Example: The following command will start Nginx webserver and logs for this container will be shipped to the related Logs App.

docker run --label LOGS_TOKEN=REPLACE_WITH_YOUR_LOGS_TOKEN -p 80:80 nginx

Or use environment variables for Kubernetes:

docker run -e LOGS_TOKEN=REPLACE_WITH_YOUR_LOG_TOKEN -p 80:80 nginx

All other container logs will be shipped to the Logs App specified in the docker run command for sematext/logagent with the environment variable LOGS_TOKEN.

By default, all logs from all containers are collected and sent to Sematext Cloud. You can change this default by setting the LOGSENE_ENABLED_DEFAULT=false label for the Logagent container. This default can be overridden, on each container, through the LOGS_ENABLED label.

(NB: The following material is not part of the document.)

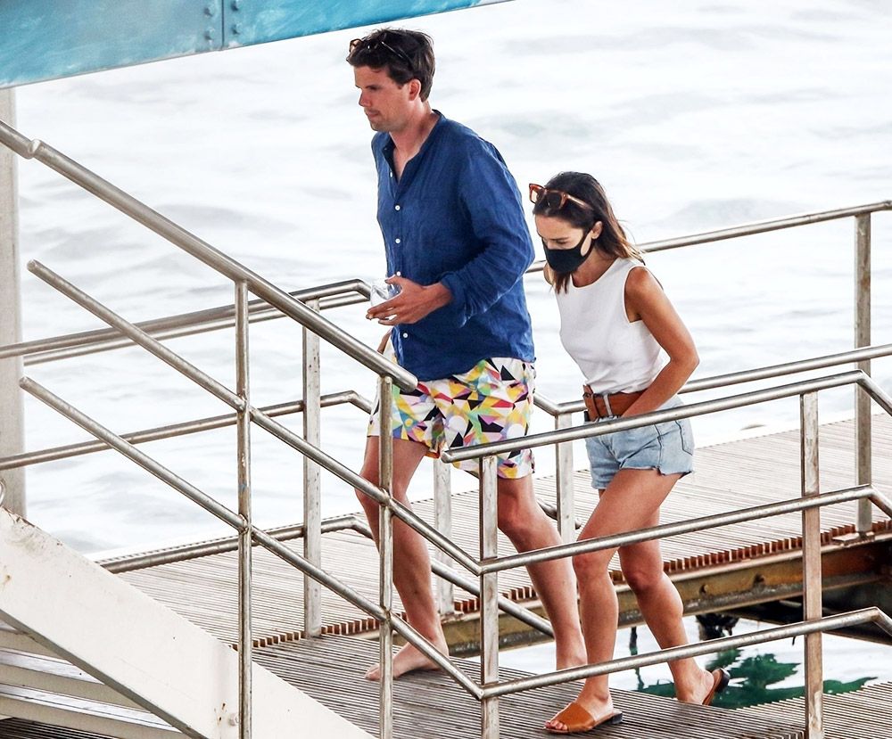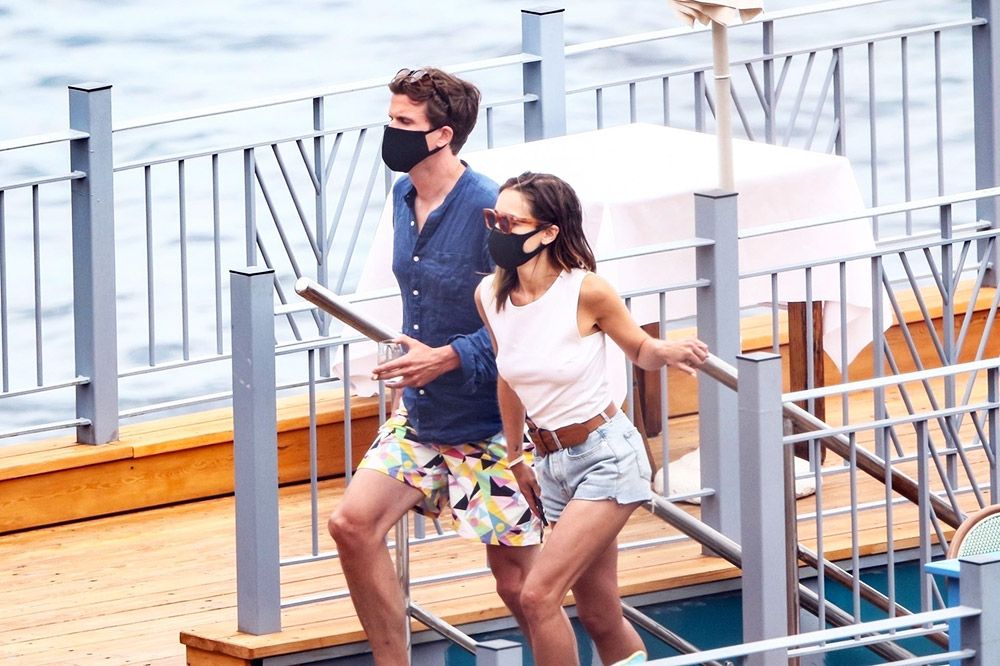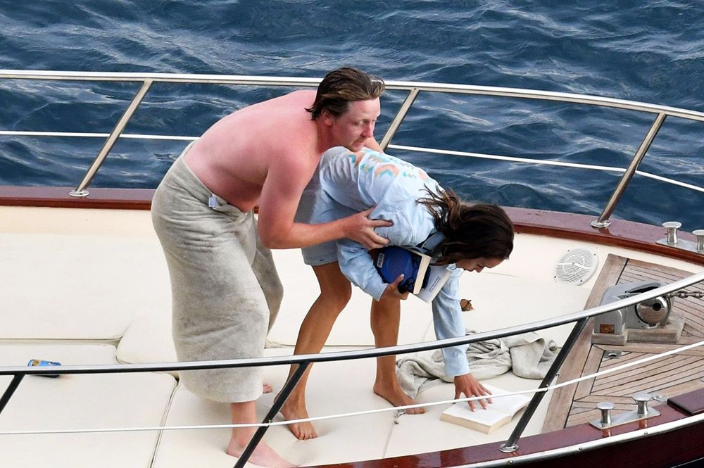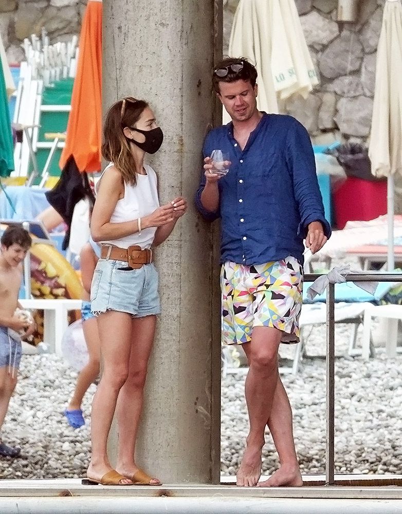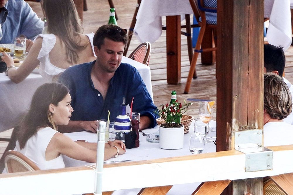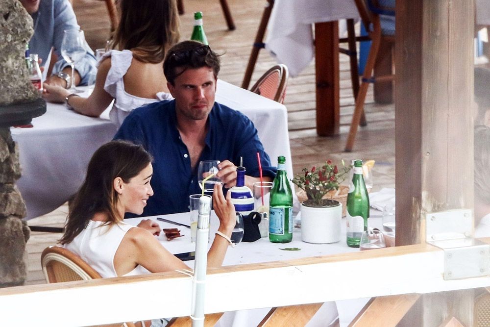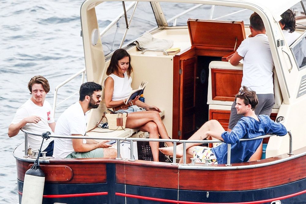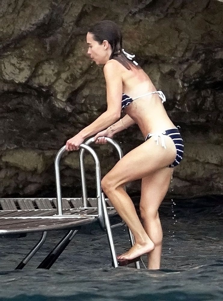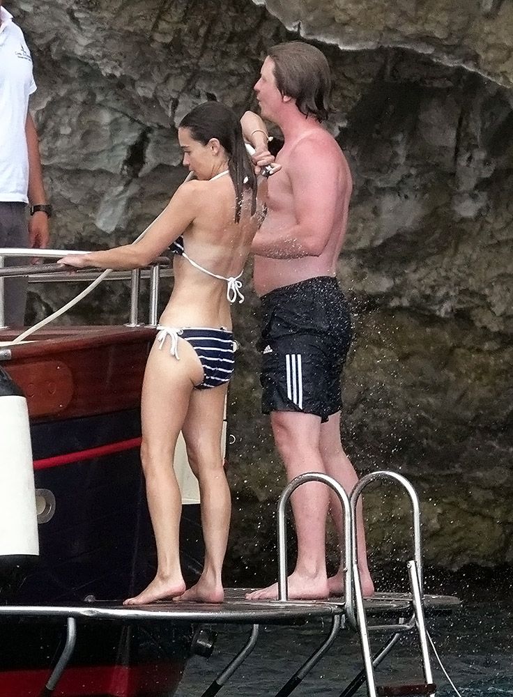 The actress Emilia Clarke is seen with her friends during the summer holiday in Italy. The English beau enjoyed a boat trip with the male friends and went for a swim in a striped bikini. The group visited some caves while out on their boat enjoying the summer in Italy! Emilia Clarke wore a sexy bikini and showed a lot of skin!

Please refer to Docker Log Management & Enrichment for further details.

Log Routing with Logagent Config File¶

Add the LA_CONFIG_OVERRIDE=true env var to your Logagent instance, alongside the LA_CONFIG=/etc/sematext/logagent.conf. Next, add a logagent.conf file as a config resource in the configs section of your Docker Compose/Stack file.

version: "3.7"
services:
  st-logagent: 
    image: 'sematext/logagent:latest' 
    environment: 
      - LA_CONFIG=/etc/sematext/logagent.conf
      - LA_CONFIG_OVERRIDE=true
    
    # if you're using Docker Stack use configs,
    # otherwise use volumes or secrets
    configs:
      - source: logagent_config
        target: /etc/sematext/logagent.conf
    deploy:
      mode: global
      restart_policy:
        condition: on-failure
    volumes: 
      - '/var/run/docker.sock:/var/run/docker.sock' 

configs:
  logagent_config:
    file: ./logagent.yml

The logagent.yml looks like this:

options:
  printStats: 60
  suppress: true
  geoipEnabled: true
  diskBufferDir: /tmp/sematext-logagent

input: 
  docker:
    module: docker-logs
    socket: /var/run/docker.sock
    labelFilter: com.docker.*,io.kubernetes.*,annotation.*
    
parser:
  patternFiles:
    - /etc/logagent/patterns.yml

outputFilter:
  dockerEnrichment:
    module: docker-enrichment 
    autodetectSeverity: true
   
  backward_compatible_field_name: 
    module: !!js/function >
      function (context, config, eventEmitter, data, callback)  {
        // debug: dump data to error stream
        // console.error(data.labels)
        if (data.labels && data.labels['com_docker_swarm_service_name']) { 
          data.swarm_service_name = data.labels ['com_docker_swarm_service_name']
          // data.swarm_service_id = data.labels ['com_docker_swarm_service_id']
          // data.swarm_task_name = data.labels ['com_docker_swarm_task_name']
        }
        callback(null, data)  
      }

output:
  sematext-logs1:
    module: elasticsearch
    url: https://logsene-receiver.sematext.com
    index: LOGS_TOKEN_1
  sematext-logs2:
    module: elasticsearch
    url: https://logsene-receiver.sematext.com
    index: LOGS_TOKEN_2
  elasticsearch:
    module: elasticsearch
    url: http://local-es:9200
    index: app

In the output section you can configure as many outputs as you want.